Magazine article The Spectator

Going Back to the Books

Magazine article The Spectator

Going Back to the Books

Article excerpt

A STUDY IN GREENE by Bernard Bergonzi OUP, £16.99, pp. 208, ISBN 0199291020

With almost 30 novels to his name, Graham Greene was a prolific chronicler of human faith and wretchedness. A writer of his stature requires a very good biographer and, at first, it looked as though Greene had found him in Norman Sherry, a Joseph Conrad expert based in Texas. Sherry set to work in 1976, digging for information like a locker-room snoop. His first, 700-page volume up to 1939 scrutinised Greene's every depression, love affair and alcoholic spree. 'Oh why does Sherry waste so much time talking about me?' Greene grumbled, though secretly, perhaps, he was amused by Sherry's dedication to the task. He may even have enjoyed the vinous associations of his surname. ('Let's go to Sherry's, ' by chance a gangster recommends a drinking club in Brighton Rock, adding, 'I can't stand the place'. ) By the time Sherry's third and final volume appeared in 2004, it was clear how ill-served Greene had been. Running to a combined total of almost 2,500 pages, Professor Sherry's Life of Graham Greene consisted of vulgar hagiography as well as endless, dim critiques of the novels.

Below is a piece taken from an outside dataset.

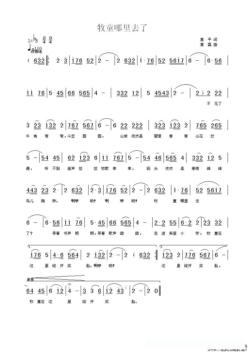 牧童哪里去了的简谱歌词牧童哪里去了的简谱歌词牧童哪里去了的简谱歌词
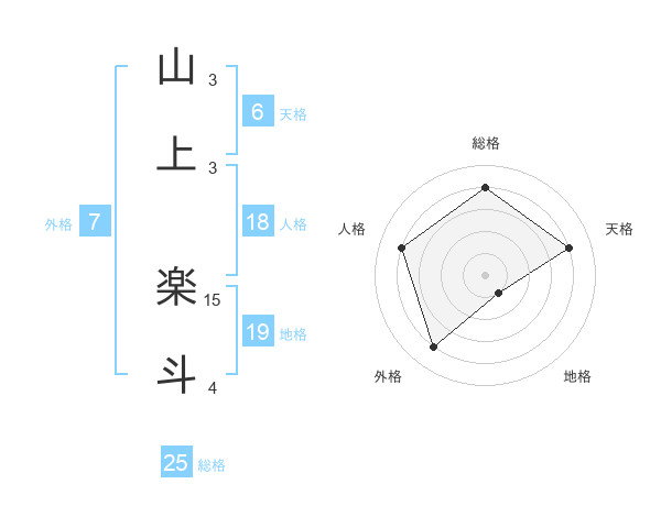 山上 楽斗さんを姓名の画数から五運を鑑定

Greene's death, as described in the closing chapters, provoked the most awful writing:

Worms breed, and the handsome man with stunning blue eyes is host to a thousand sliding lascivious creatures, eating our flesh, turning us gradually into a sort of human jam.

Why this passage, and others like it, were allowed through is a mystery. Sherry's imprecise use of language ('sort of human jam') was especially ill-suited to Greene, whose books are concisely written.

Bernard Bergonzi is another who finds Sherry (as he puts it) 'tactless and indecorous'. While Bergonzi concedes that Sherry has something to say about Greene's fiction and inner life, he 'deplores' Sherry's readiness to conflate Greene with his fictional protagonists and projections. ('Greene is Bendrix; Greene is Brown...') A Study in Greene, however, is a work of elegant literary enquiry and intended in part as a riposte to Sherry.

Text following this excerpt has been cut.